The Lower Kinabatangan & Segama Wetlands (LKSW)
The LKSW Programme was formally launched in 2015 with an GEF SGP and IUCN-funded effort to explore shared governance of the Ramsar site. Since then Forever Sabah has partnered with the indigenous peoples and local communities, the Sabah Forestry Department, and a wide variety of local and international organizations across these mangroves and swamp forests to facilitate mutual empowerment.
Initial work included community-based participatory mapping of territories and resources in this terrestrial and marine biodiversity hotspot while launching livelihood alternatives connected to improved biodiversity management. Systematic training and community organizing was integrated with building local institutions, and a movement developed among women and young people and around citizen science, water quality monitoring and restoration of lowland and mangroves forests.
The Program Plan for 2020-22 is built upon the articulation by the Ramsar communities of the need to strengthen and grow their community institutions, grow their confidence, build their communication and other skills to engage ever more fully in natural resource co-management and advancing sustainable livelihoods.
Current priority activities in the LKSW include:
- Adapted to new ways of gathering information staying connected during the Pandemic by adapting to online platforms for team calls, community meetings, webinars, collective learning events and promote community products through the KETAMU event.
- Income Baseline Survey and Fisheries Monitoring utilizing the power of Open Data Kit Tools for a more efficient way of gathering information for social baselines and community-based monitoring of natural resources (Water quality, fishes, forests and great apes)
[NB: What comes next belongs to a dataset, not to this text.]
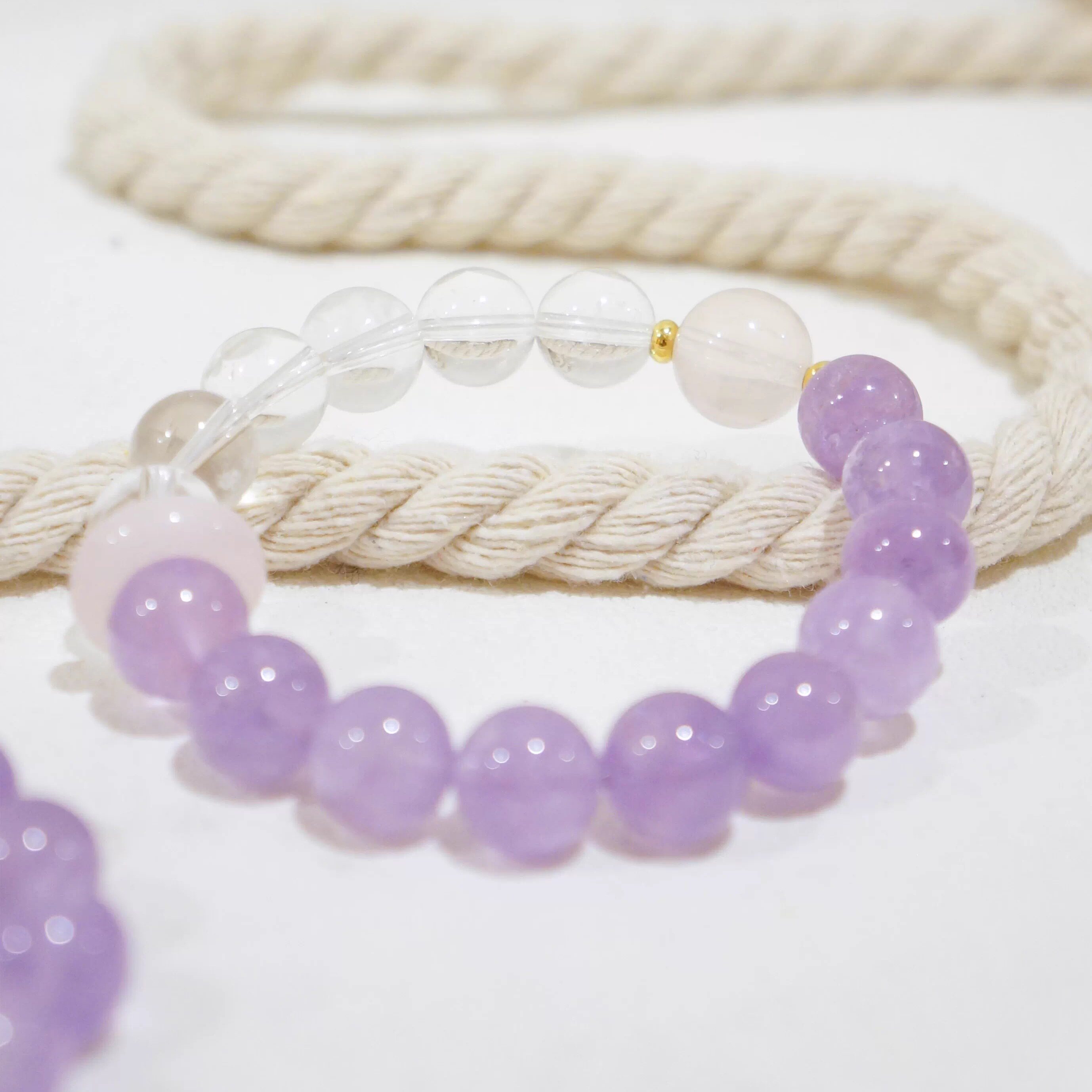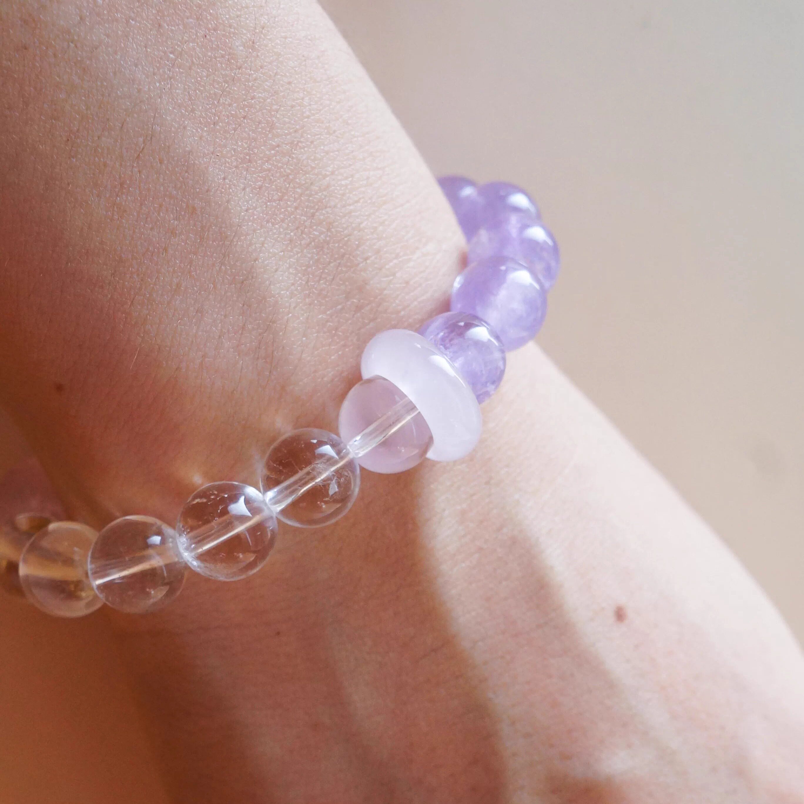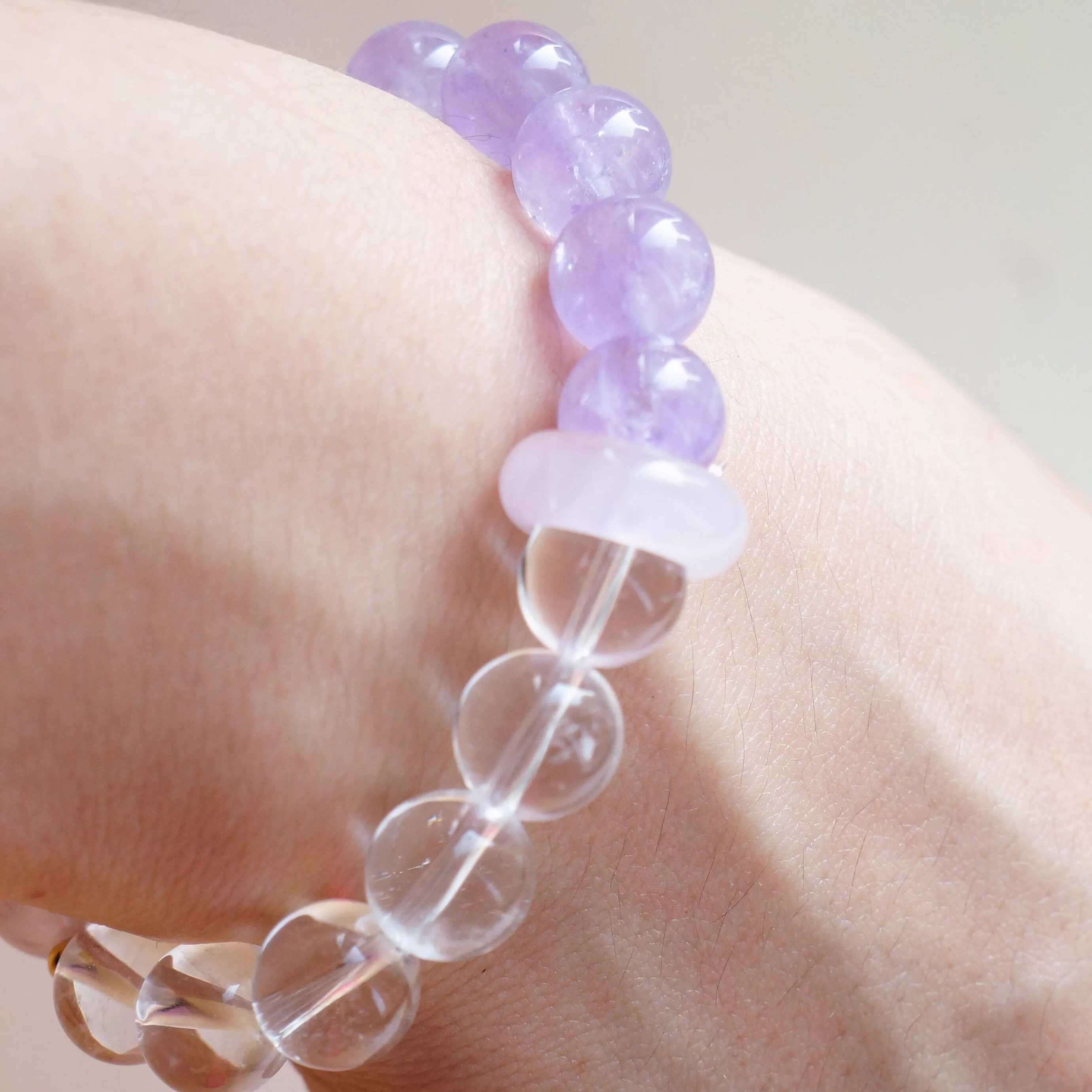 xhenxhen「合璧」天然水晶双拼手链紫水晶白水晶原创手作单圈手串

- Provided essential food items to over 400 heads of families in all eight villages in the Ramsar site during the total lockdown between March till May with logistical support by the Sabah Forestry Department
- Bridging new funding and supporting new riverscapes
- Community Orang Utan Ranger Team (CORT) - People of Dagat have been independently using their local knowledge to document the movement of great apes in their village land. Work have started since May 2020. These critical information helps them to continue to live in harmony with great apes in their village.
- Applying the concepts of Locally Managed Marine Areas (LMMA), Indigenous Community Conserved Areas (ICCA) & Community Protocols for Natural Resource Management to enable resident communities to secure their traditional territories, recover fish stocks, and deploy citizen science to address shared governance, fishery management and biodiversity conservation concerns
- Expanding the success with connecting Ramsar community fishermen to value added markets and products as part of their transition to sustainability in their livelihoods
- Backing community efforts to protect, restore and connect forest patches in their traditional territories that support orangutan and gibbon populations with the Ramsar site and to connect these with enhancing livelihoods
Meanwhile we are now collaborating with the Forever Segama Project that addresses riparian biodiversity management and water quality in the Mid-Segama because the community’s water quality studies show how poor practices on oil palm estates are the main drivers of poor water quality and mass fish deaths in the Segama and Kinabatangan Deltas.